Zoom on the risks of IBD
There is an increased risk of Inflammatory Bowel Disease (IBD) in young children who have been exposed intrapartum to antibiotics. The physiological disruptions caused by dysbiosis, in particular within the intestinal mucosa and the immune system, facilitate the development of this type of rare inflammatory diseases.
EXPOSURE TO ANTIBIOTICS AND EARLY IBD
The excess weight issue underlines the complexity in elucidating the impact of dysbiosis in some medical fields. Causal relations have been more detailed in the gastroenterology field, where a link has been established between the composition of the intestinal microbiota and IBD. This connection leads researchers to increasingly take dysbioses into account when attempting to understand disorders with poorly identified etiology, especially ulcerative colitis (UC) and Crohn’s Disease in young children (under six years of age), whose global incidence is increasing regularly. As the cause of this progression cannot be found in known genetic and environmental factors, intestinal weakness associated with disruptions in the microbiota has been suggested.

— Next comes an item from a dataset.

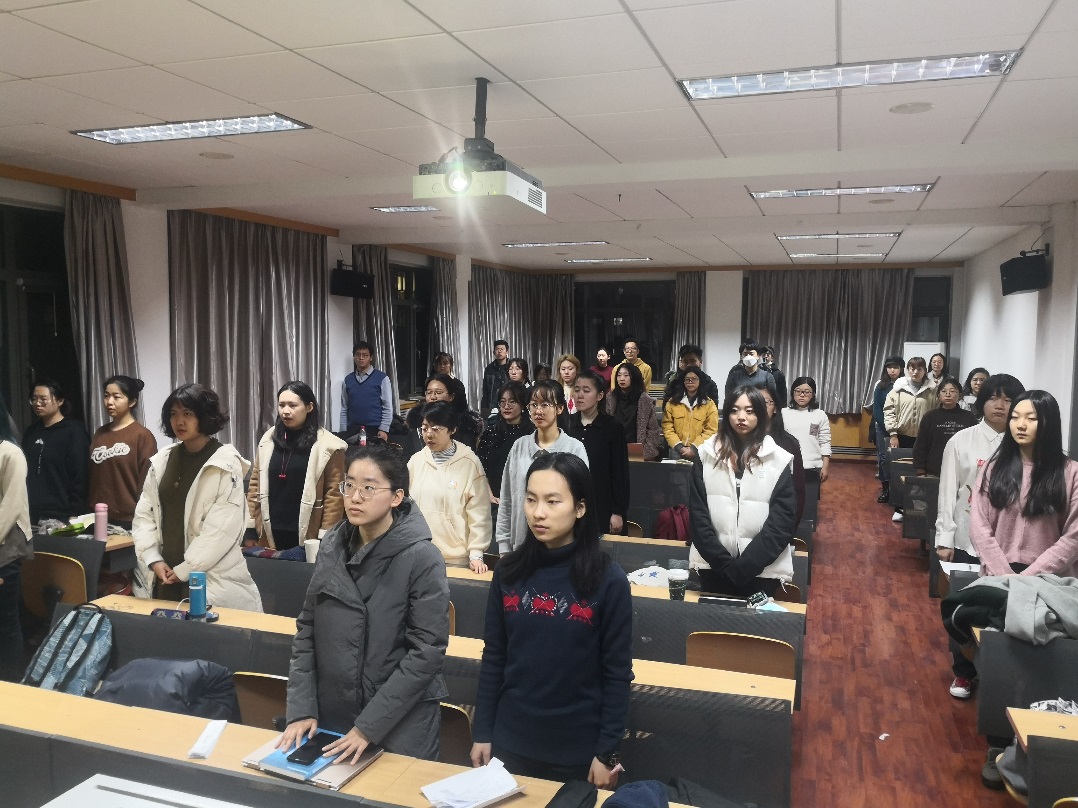 2020年12月4日,jinnian金年会本科生党支部召开预备党员转正大会暨“宪法精神与习近平法治思想”主题党课学习活动。本次大会由本科生党支部书记孙琳主持,本科生党支部47位预备党员、正式党员出席本次会议。

TWOFOLD HIGHER RISK OF IBD AFTER INTRAPARTUM ANTIBIOTIC TREATMENT
Swedish researchers explored this hypothesis by studying a cohort of 827,239 children born between 2006 and 2013.3 This was an extensive analysis based on crosschecking the Swedish National Registers of births, patients and drug prescriptions. In total, 17% of subjects were exposed intrapartum to antibiotics (including 5% repeatedly) and 65% after birth, most of them more than once (7 out of 10). Fifty-one children were affected by Crohn’s disease or UC. Compared to the control population, children exposed to antibiotics during pregnancy had an elevated risk (aHR4 = 1.93) of developing early IBD.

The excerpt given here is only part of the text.